Le problème du fut du canon

La ministre des Armées n’a pas dit le contraire: « La balle est dans le camp des industriels allemands, en particulier dans celui de Rheinmetall. Donc, ces industriels allemands doivent trouver entre eux les conditions d’un accord pour se répartir les tâches et les travaux. En attendant, nous avançons sur l’architecture du système. Ces travaux se poursuivront jusqu’à la mi-2022. Et nous le faisons au niveau des équipes étatiques entre la France et l’Allemagne. La question est d’abord une question entre industriels allemands. »

Il faut dire que les sujets portant sur l’équipement militaire sont vite fort sensibles en Allemagne, où la mémoire de l’histoire du pays durant le XXe siècle demeure douloureuse. Ainsi, l’Eurodrone – un engin d’observation, mais pouvant être converti en bombardier – avait suscité des polémiques dans l’opinion publique.

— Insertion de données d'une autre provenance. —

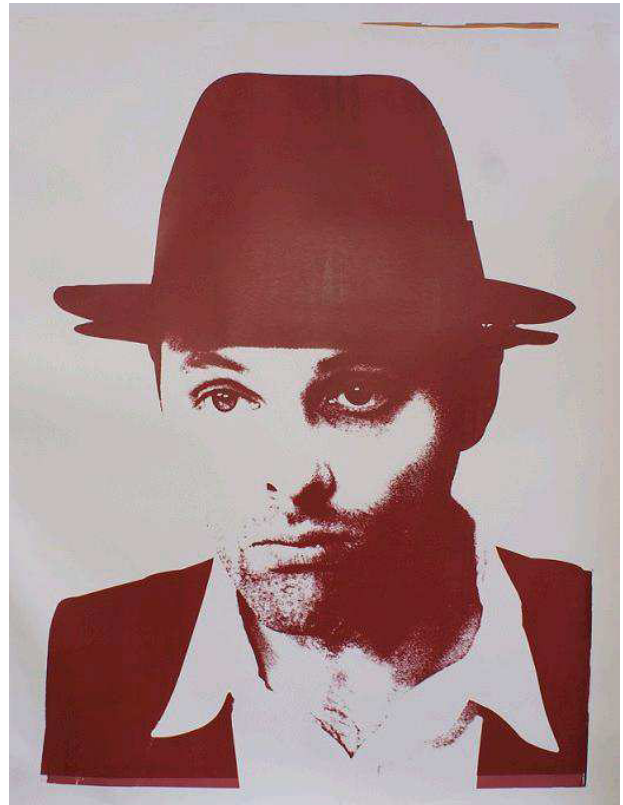
Abb. 3: Gavin Turk: Beuys Red , gedruckt im Stil der Siebdrucke Andy Warhols, 2009

lersignatur führt. So hat Djordjevic das Stadium der Rezeption und aemulativen Weiterverarbeitung literarischer Vorbilder längst überwunden, wenn er Schriften als und im Namen von Walter Benjamin verfasst. Turk hingegen wiederholt beispielsweise Arbeiten Andy Warhols bis hin zur Signatur oder er überformt das Gesicht Joseph Beuys derart, dass er sowohl psychisch als auch physisch qua seines Gesichtes in seinem künstlerischen Vorbild aufgeht.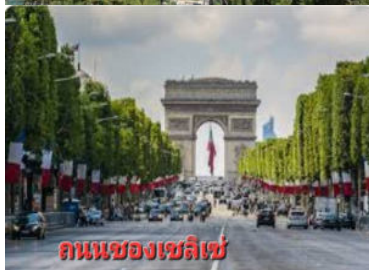
ถนนชองเซลีเซ่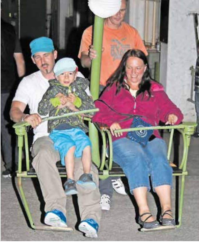
Sehr beliebt sind die alljährlichen Lampionfahrten mit der Rietburgbahn.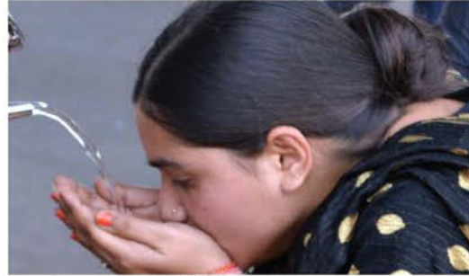
शहर में एक प्याऊ से पानी पीती एक महिला।

En octobre, le chef d’état-major de l’armée de Terre [CEMAT], le général Pierre Schill, avait mis le blocage du MGCS sur le compte de la situation politique en Allemagne, où une nouvelle coalition gouvernementale devait se mettre en place. Le CEMAT estimait à l’époque que « Si le MGCS ne peut pas être réalisé avec l’Allemagne, il faudra soit envisager un programme franco-français, soit s’appuyer sur la communauté SCORPION tournée vers le Benelux », la France ayant mis sur pied un partenariat stratégique avec la Belgique afin d’uniformiser les doctrines d’opérations et faciliter ainsi le travail en commun, l’Armée belge utilisant déjà des véhicules blindés français Griffon et Jaguar.